## Dataset content
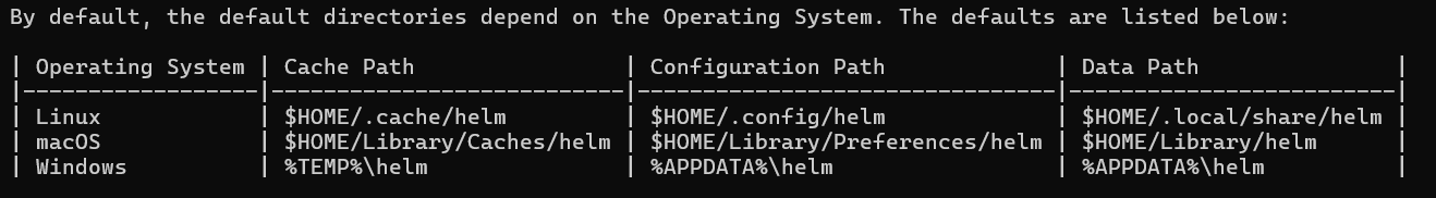 helm help 명령어를 실행하면 Helm이 사용하는 설정, 데이터, 캐시 디렉터리 경로를 확인할 수 있다.
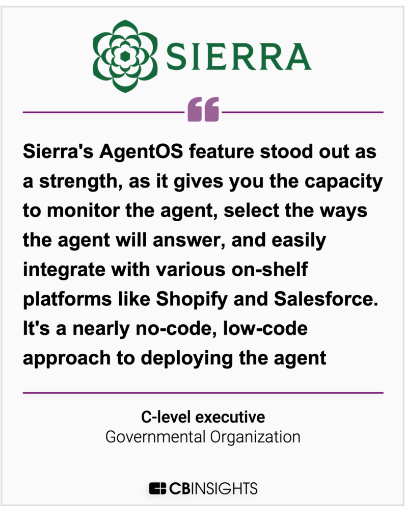 - Value of enterprise adoption will come from integration depth. AI agents require seamless integration to company-specific context such as historical tickets, internal knowledge bases, CRM data, and proprietary documentation, to deliver personalized, informed resolutions while maintaining consistent brand voice. Enterprise value emerges when agents turn customer inquiries into closed-loop resolutions, eliminating inefficient human handoffs and workflow bottlenecks. According to CB Insights buyer reports, successful vendors offer agentic solutions with ease of deployment and integration.
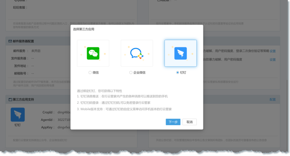 有众多用户抱怨微信公众号的配置十分繁琐,但又不想舍弃第三方应用进行消息推送与认证的功能;因此,在新版本中,我们对企业常用的第三方应用:钉钉和企业微信进行了支持。在管理控制台进行简单的配置后,用户即可在门户中对相应的APP进行绑定,同时也就拥有了消息推送与双因子认证等功能。
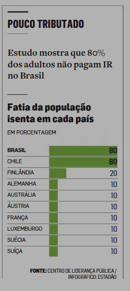 Com um sistema tributário complexo, o Brasil se tornou um raro exemplo de País com a grande maioria da população isenta do pagamento de Imposto de Renda (IR). Um levantamento do Centro de Lideranças Públicas (CLP) mostra que apenas 20% dos brasileiros adultos pagam o tributo. O cenário é diferente do observado nas economias mais ricas do mundo. Na França e na Alemanha, por exemplo, 90% dos habitantes são tributados.
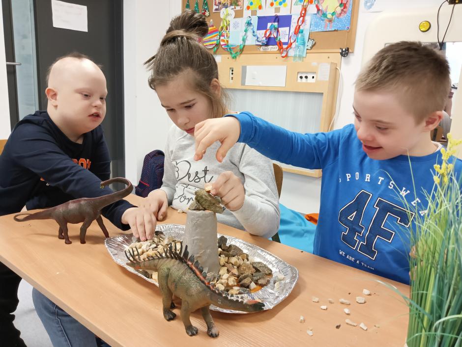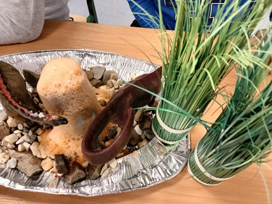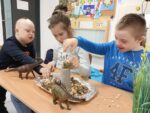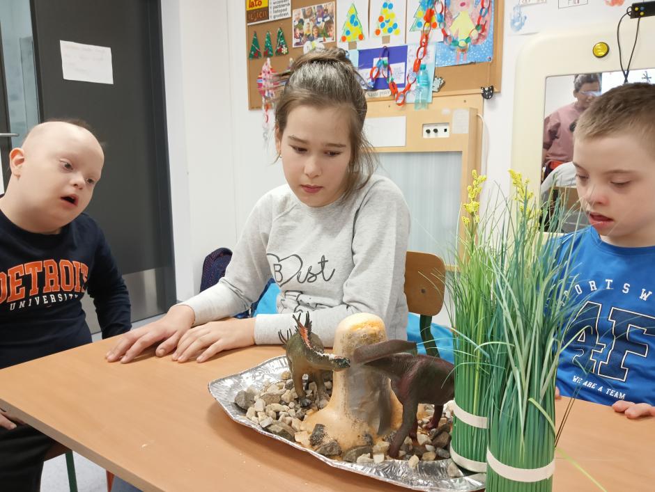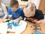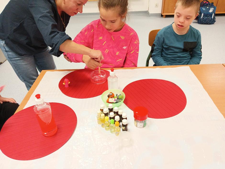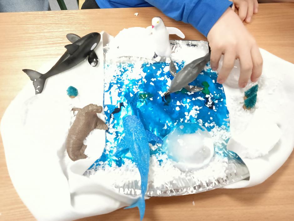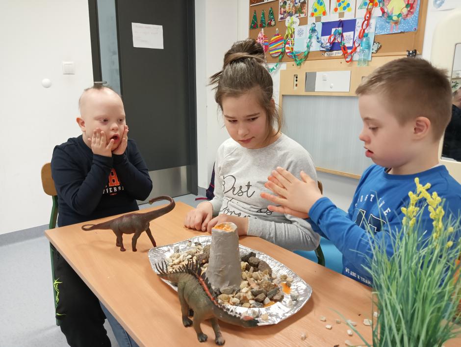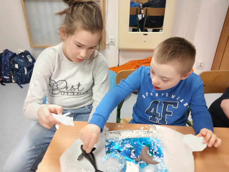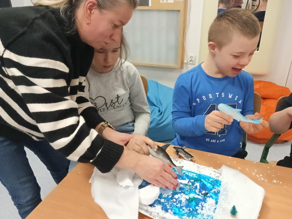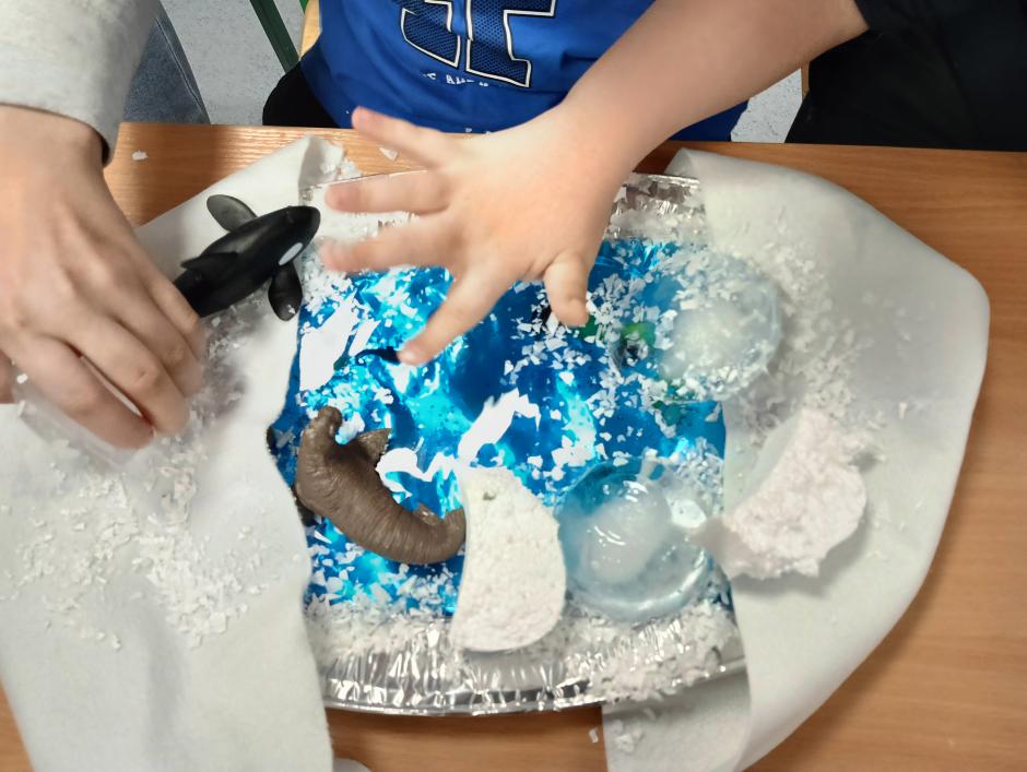 w płynie, aktywatora i brokatów. „Ciepło – zimno” to temat kolejnej aktywności sensorycznej. Uczniowie skonstruowali wyjątkowe makiety przedstawiające Krainę Wulkanu oraz Krainę Wiecznej Zimy. Wulkan powstał z gliny, a podłoże z kamieni o rożnej wielkości i fakturze. Wychowawca korzystając z sody oczyszczonej, octu i barwnika spożywczego przeprowadził eksperyment „wybuch wulkanu”, który bardzo spodobał się uczniom. W krainie zimna dominowały kryształy lodu, puszysty śnieg oraz zwierzęta morskie.
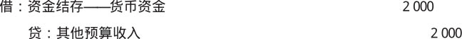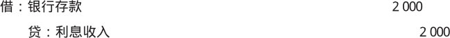 【例1-13】某行政单位期末收到银行存款利息共计2 000元,应做如下会计分录。
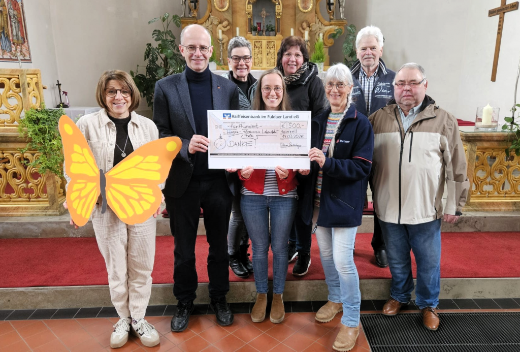 „Wir sind dankbar für diese gute Tat, dem Kirchenteam Hainzell sowie Viktoria und Lukas Streitenberger“, so Michael Brand, Vorsitzender des Hospizfördervereins Fulda, bei der Spendenübergabe in der Hainzeller Kirche St. Simplicius, Faustinus und Beatrix. „Jede Unterstützung hilft ganz konkret in der Region– der ambulanten und stationären Hospizbegleitung, dem Kinder-Hospizdienst und der Trauerbegleitung.“
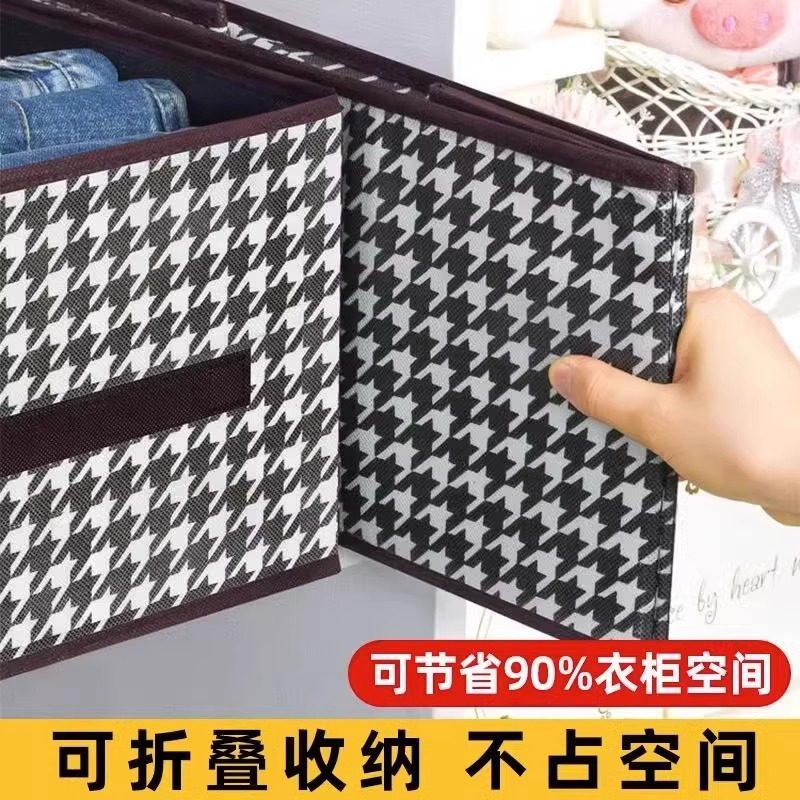 整理箱千鸟格收纳盒可折叠装衣服内衣衣柜裤子布艺大容量储物昼夜

## Work order
Without the pictures, repeat the entries above line by line, from the first through the one that contains "有众多用户抱怨微信公众号的配", both ends included.

## Exercise result
 helm help 명령어를 실행하면 Helm이 사용하는 설정, 데이터, 캐시 디렉터리 경로를 확인할 수 있다.
 - Value of enterprise adoption will come from integration depth. AI agents require seamless integration to company-specific context such as historical tickets, internal knowledge bases, CRM data, and proprietary documentation, to deliver personalized, informed resolutions while maintaining consistent brand voice. Enterprise value emerges when agents turn customer inquiries into closed-loop resolutions, eliminating inefficient human handoffs and workflow bottlenecks. According to CB Insights buyer reports, successful vendors offer agentic solutions with ease of deployment and integration.
 有众多用户抱怨微信公众号的配置十分繁琐,但又不想舍弃第三方应用进行消息推送与认证的功能;因此,在新版本中,我们对企业常用的第三方应用:钉钉和企业微信进行了支持。在管理控制台进行简单的配置后,用户即可在门户中对相应的APP进行绑定,同时也就拥有了消息推送与双因子认证等功能。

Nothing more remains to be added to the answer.